> _TASK TO COMPLETE_: Output the data below only from the line containing "NEWLY Updated and" up to and including the line containing "zwarte metalen wijzers.", exact and with the pictures left out.

[Items from a dataset]
Content starts

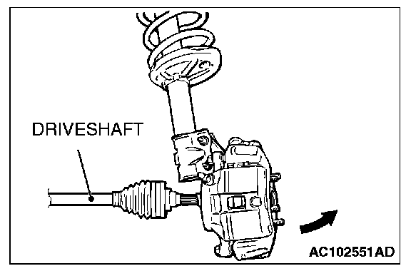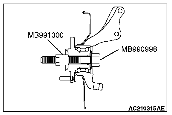 Do not apply pressure to the wheel bearing by the vehicle weight to avoid possible damage when the drive shaft is removed. If, however, vehicle weight must be applied to the bearing to move the vehicle, temporarily secure the wheel bearing by using special tools MB991000 and MB990998.
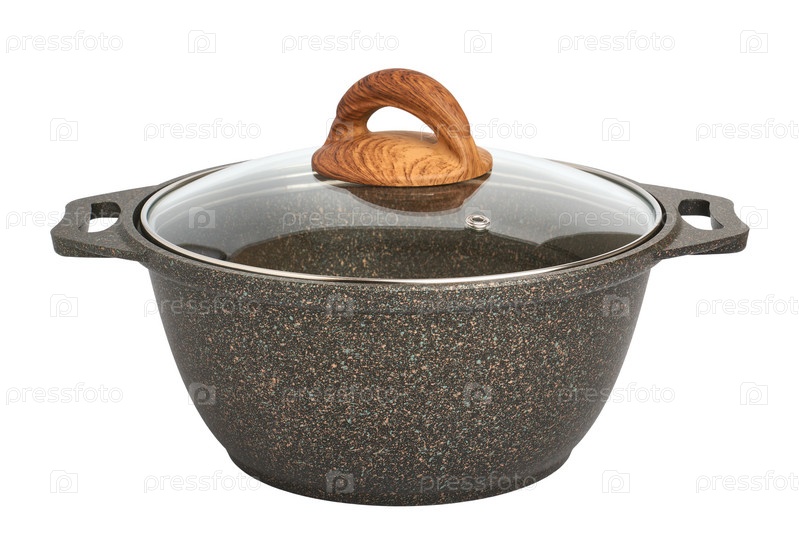 Профессиональный новый пустой контейнер для приготовления пищи с гранитной антипригарной поверхностью и стеклянной крышкой, изолированный на белом фоне
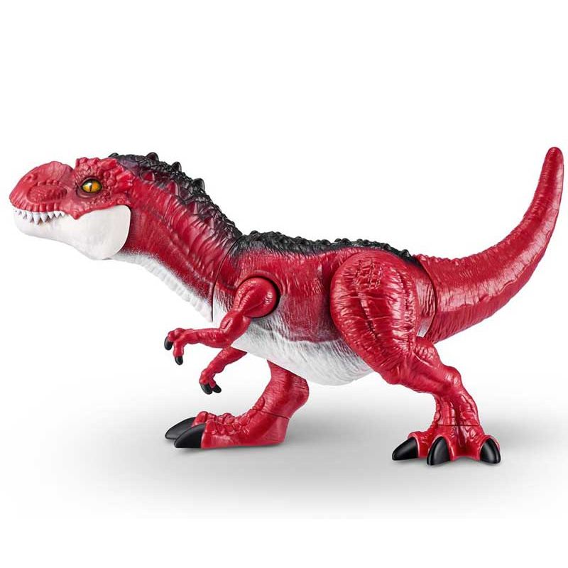 Robo Alive T-Rex Action Dinosaurie Interaktiv leksaksdinosaurie. Se upp T-Rex är på gång och är på jakt efter ett byte. Tryck ned och håll svansen nedtryckt och se hur dess armar rör sig och kanske griper ett byte och se käken öppnas och den vråååååålarrr! Längd: 25 cm. Utgått, se andra interaktiva leksaker, klicka här.
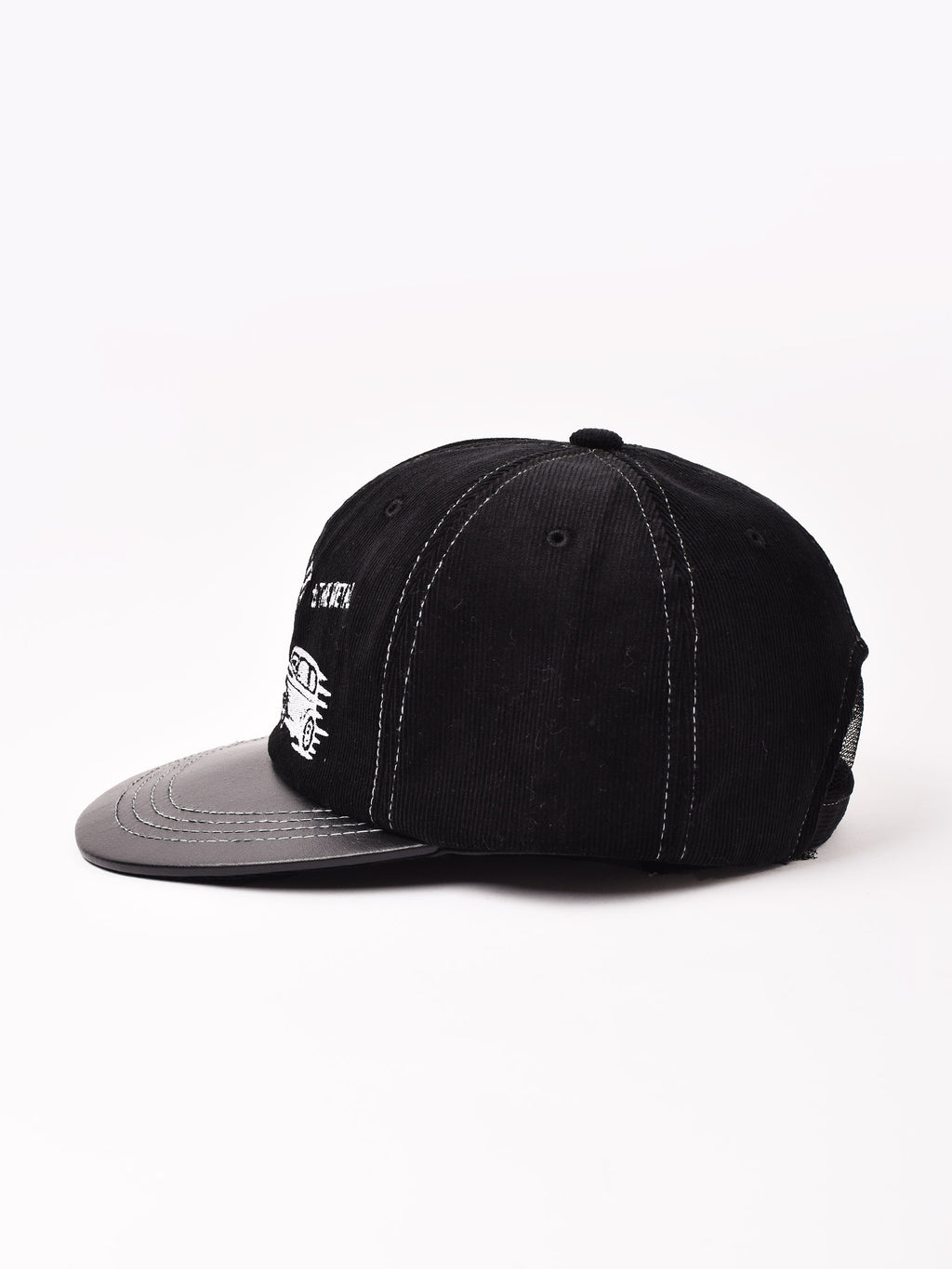 秋冬らしいコーデュロイにロゴ刺繍をあしらったキャップ。ブリムはフェイクレザーになった、切り替えデザインです。
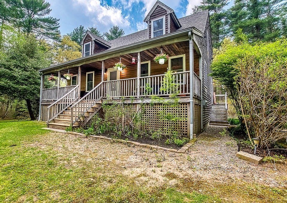 NEWLY Updated and Charming! Large Cape style home set on a very private lot of 1.36 acres!! Huge Finished Basement! Enjoy the sunrise on your Lg front covered porch upon the wooded frontage. Lots of natural sunlight enhanced by the skylight front entrance! Open concept Main level with refinished hardwoods in formal Dining Room, leading into a spacious kitchen with Lg island & tile flooring. Entertain & relax with the Wood Burning Fireplace Livingroom with new Pergo floors, leading to a NEW Slider with a Lg NEW Rear Deck! Enjoy a Main Level Private office/ Guest room, NEW Pergo flooring & Glass pocket doors. 1st Fl Full bathroom has a beautiful updated white vanity, countertop, lighting, faucet, toilet and Pergo floor. Includes first floor laundry. 2nd floor -New carpet, 3 Lg bedrooms all with Spacious Closets! LG front to back Main bedroom, Center Hall Full Bathroom is UPDATED with a Lg vanity, countertops, faucet, lighting, toilet. Private Long driveway, huge private yard, firepit.
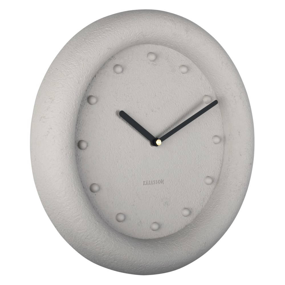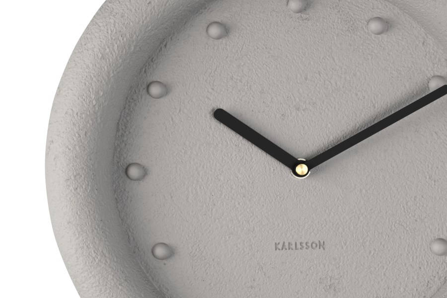 • Klok KA5717WG is een wandklok in een grijze beton look uitvoering van polyresin met opgehoogde urenmarkeringen en zwarte metalen wijzers.
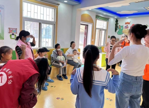 老師靈巧地運(yùn)用手指進(jìn)行游戲,引導(dǎo)孩子們一起模仿并參與其中,讓他們體驗(yàn)到手指運(yùn)動的快樂和智力的發(fā)展。
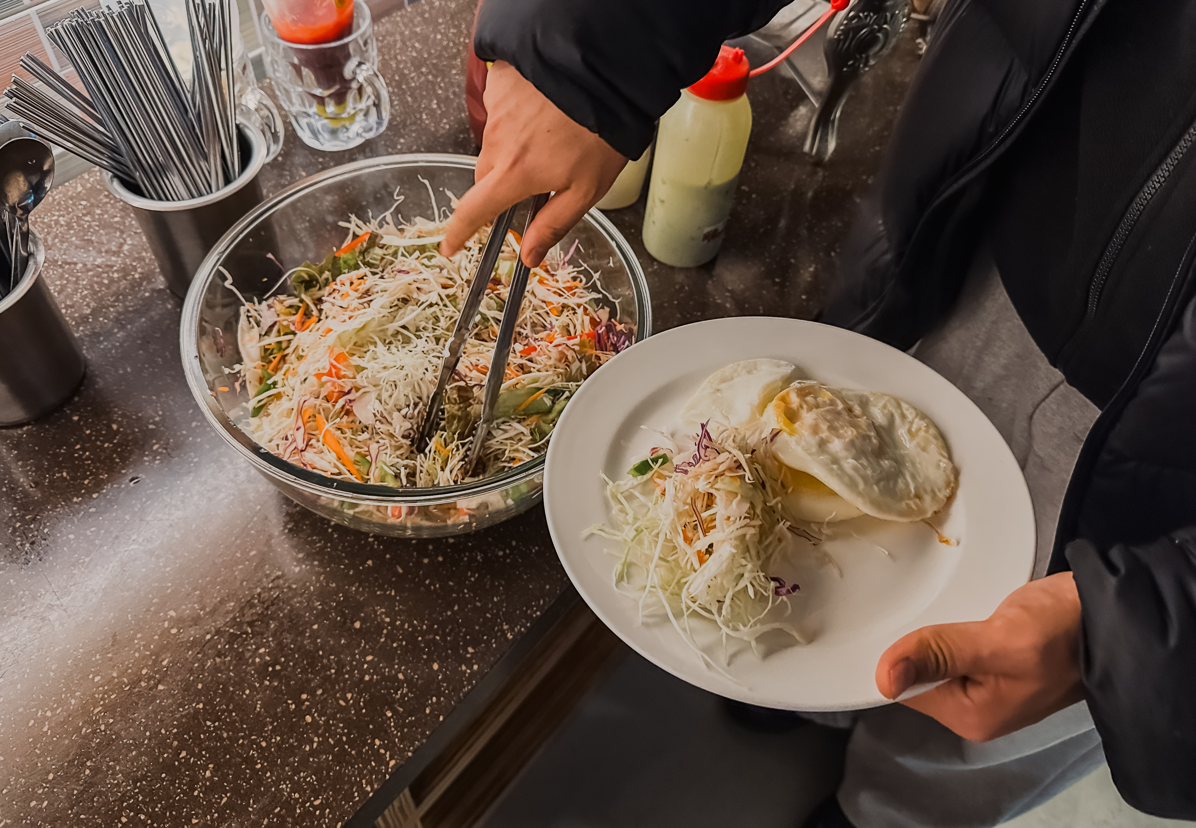 채소수프부터 시리얼, 토스트까지 다양하게 먹었는데 제가 왜 채소 수프는 사진을 안 찍었는지 모르겠습니다. 시리얼은 그냥 평범한 맛이라 소개하는 것은 생략하고 토스트는 양배추와 당근, 상추 등이 들어간 채소샐러드와 같이 곁들여 딸기잼과 달걀프라이를 곁들여 먹으니 맛있더라고요. 그밖에 음료로 주스나 우유, 커피 등을 선택해서 먹을 수 있었습니다.
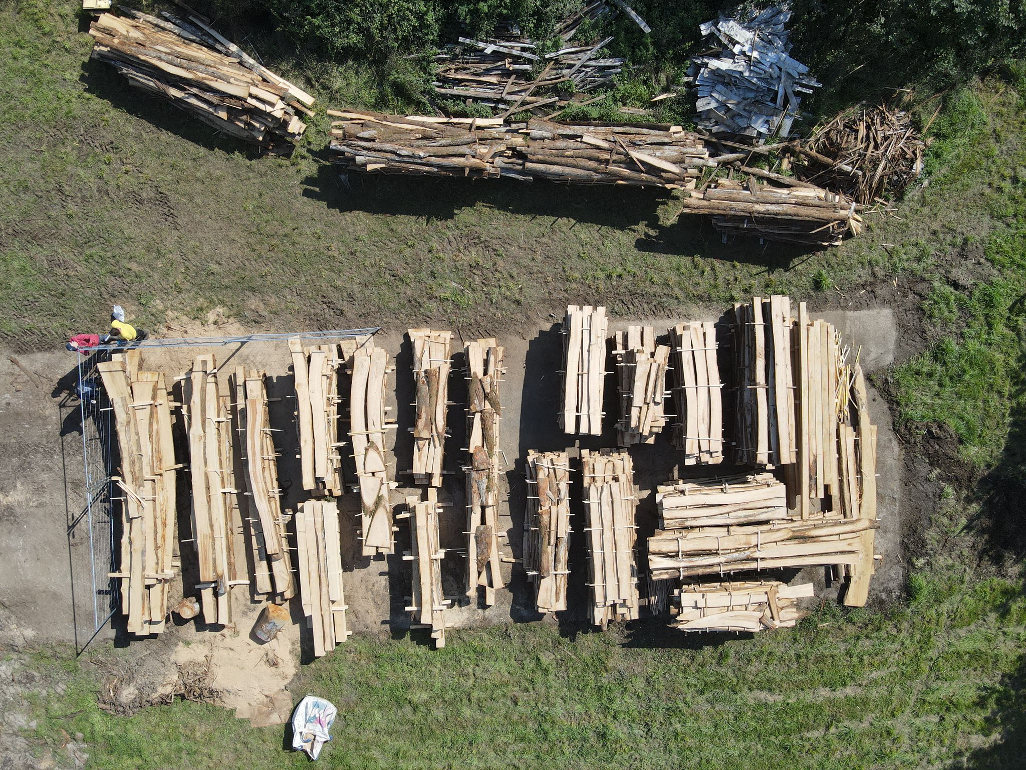 Désormais, nous allons laisser la nature faire son œuvre : le bois va sécher et se délester de son tanin. D’ici au moins 12 mois, nous pourrons le retravailler et lui offrir de nouvelles et belles fonctions.
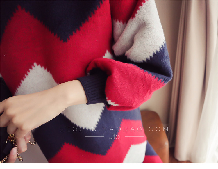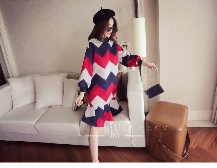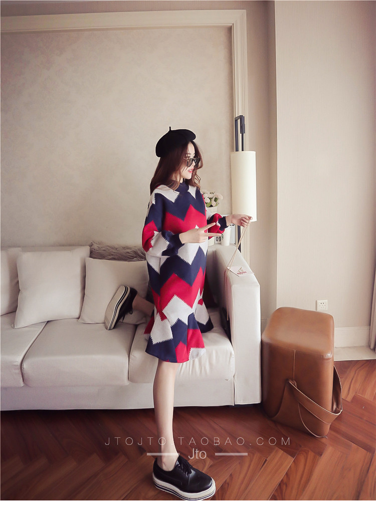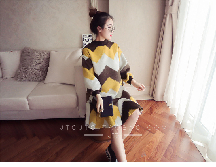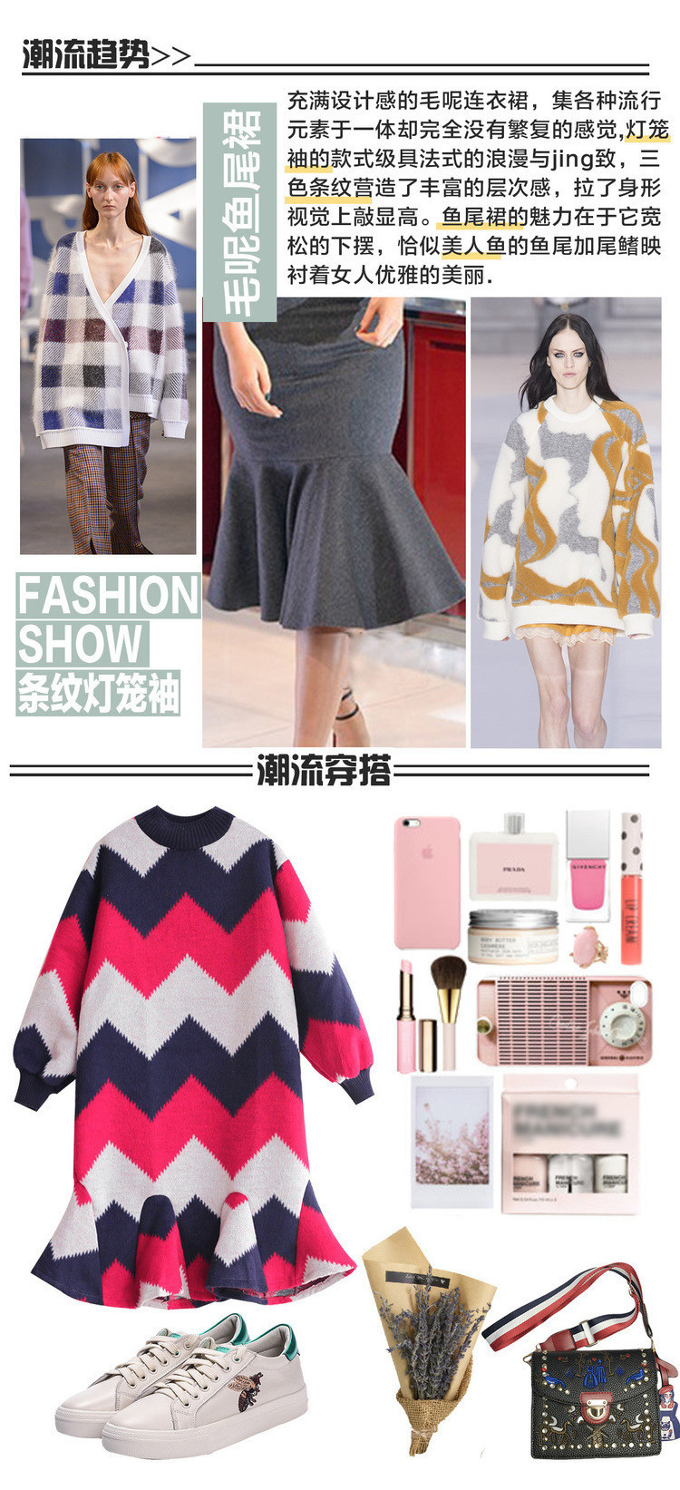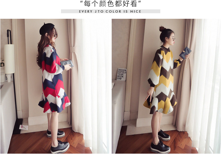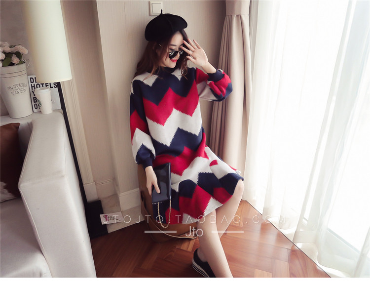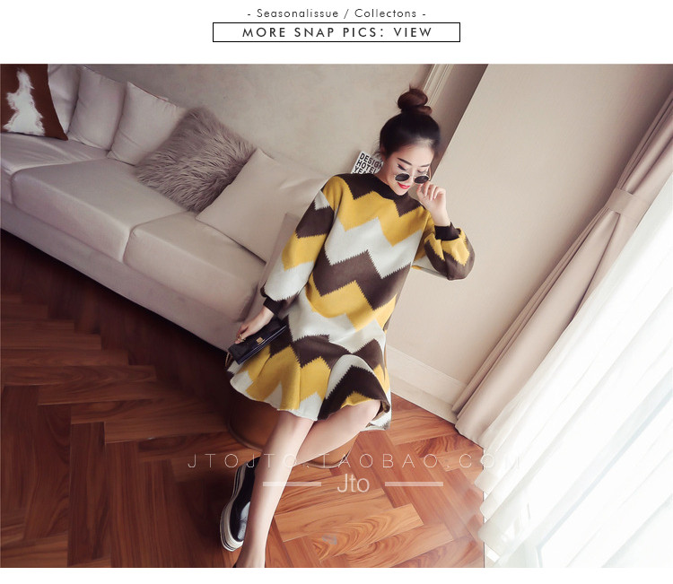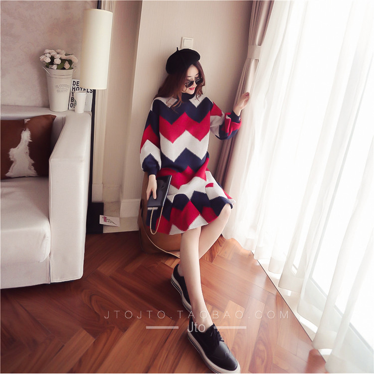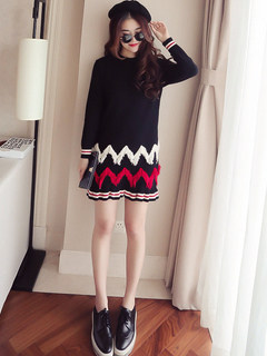 | Name. | 品名 - | 条纹A字毛呢连衣裙女秋冬新款宽松灯笼袖荷叶边套头鱼尾裙潮V273 |

Content ends

> _RESULT_:
 NEWLY Updated and Charming! Large Cape style home set on a very private lot of 1.36 acres!! Huge Finished Basement! Enjoy the sunrise on your Lg front covered porch upon the wooded frontage. Lots of natural sunlight enhanced by the skylight front entrance! Open concept Main level with refinished hardwoods in formal Dining Room, leading into a spacious kitchen with Lg island & tile flooring. Entertain & relax with the Wood Burning Fireplace Livingroom with new Pergo floors, leading to a NEW Slider with a Lg NEW Rear Deck! Enjoy a Main Level Private office/ Guest room, NEW Pergo flooring & Glass pocket doors. 1st Fl Full bathroom has a beautiful updated white vanity, countertop, lighting, faucet, toilet and Pergo floor. Includes first floor laundry. 2nd floor -New carpet, 3 Lg bedrooms all with Spacious Closets! LG front to back Main bedroom, Center Hall Full Bathroom is UPDATED with a Lg vanity, countertops, faucet, lighting, toilet. Private Long driveway, huge private yard, firepit.
 • Klok KA5717WG is een wandklok in een grijze beton look uitvoering van polyresin met opgehoogde urenmarkeringen en zwarte metalen wijzers.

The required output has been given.